Published: Saturday, Feb. 2, 2013, 12:01 a.m.

An average annual increase of 3.3 percent in Pittsburgh-area home prices over the past decade demonstrates the strength of the local housing market, real estate experts said on Friday.

Compared with the housing price bubble and bust cycle nationally — which did not happen here — housing prices in the region kept their value and remained affordable, said Ron Croushore, CEO/owner of Prudential Preferred Realty.

A report released on Friday by RealStats, a South Side-based real estate information company, showed the average price of an existing home in the five-county region rose from $103,068 in 2000 to $154,194 in 2012.

RealStats said Allegheny and Washington counties had annual increases, but Beaver, Butler and Washington counties had some years in which the average declined.

Last year, the average price of $154,194 increased 5.3 percent over 2011's $146,378, the highest yearly increase since 2004 when prices were up 5.1 percent over 2003.

“Nationwide, communities are still struggling to recapture their housing prices, which declined because of the recession,” Croushore said.

Butler County, despite declines in 2005 and 2008, had the best annual average increase during the 12-year period at 4.3 percent, followed by Washington County's 4 percent average.

Allegheny County had an average yearly increase of 3 percent; Westmoreland County, 2.9 percent; and Beaver County, 2.5 percent, the report said.

Last year, with 24,611 existing house sales recorded, was the best since 2007 when 28,302 buyers closed on an existing house, RealStats said.

For Maureen States, owner of Neighborhood Realty Services in Point Breeze, prices have increased because the region has caught up with the “terrible years in the 1980s and early 1990s after the steel industry collapsed and families left the region, causing housing prices to hit bottom.”
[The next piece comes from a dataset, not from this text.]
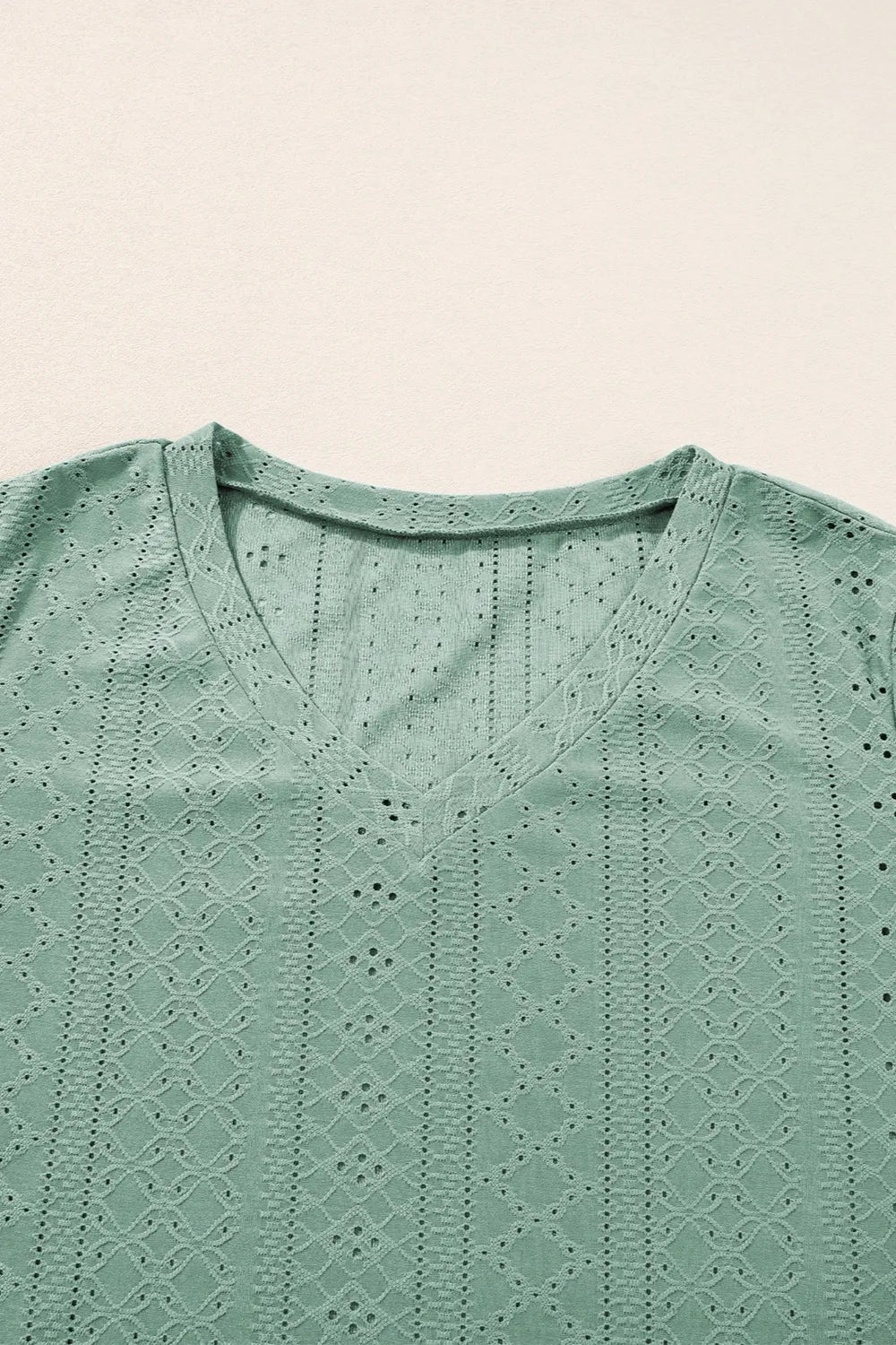 Plus Size Eyelet V-Neck Petal Sleeve Blouse

“Housing prices could only go up as the region turned from a blue-collar town to a high-tech and medical white-collar community, and that helped increase housing prices,” States said.

For the region to repeat the strong performance of 2012, much will depend on how the city, suburban communities, the county and the school districts deal with increases in property assessments that go into effect in 2013 in Allegheny County, States said.

Croushore expects prices will continue to increase in 2013 amid a shortage of homes for sale.

“Unless we can convince homeowners who want to acquire a larger or higher-priced house to place their homes on the market, the lack of inventory will make those houses on the market more expensive,” Croushore said.

The average price in 2012 of an existing home in Allegheny County was $153,699. It was $113,455 in Beaver County, $220,786 in Butler, $162,526 in Washington, and $134,743 in Westmoreland, RealStats found.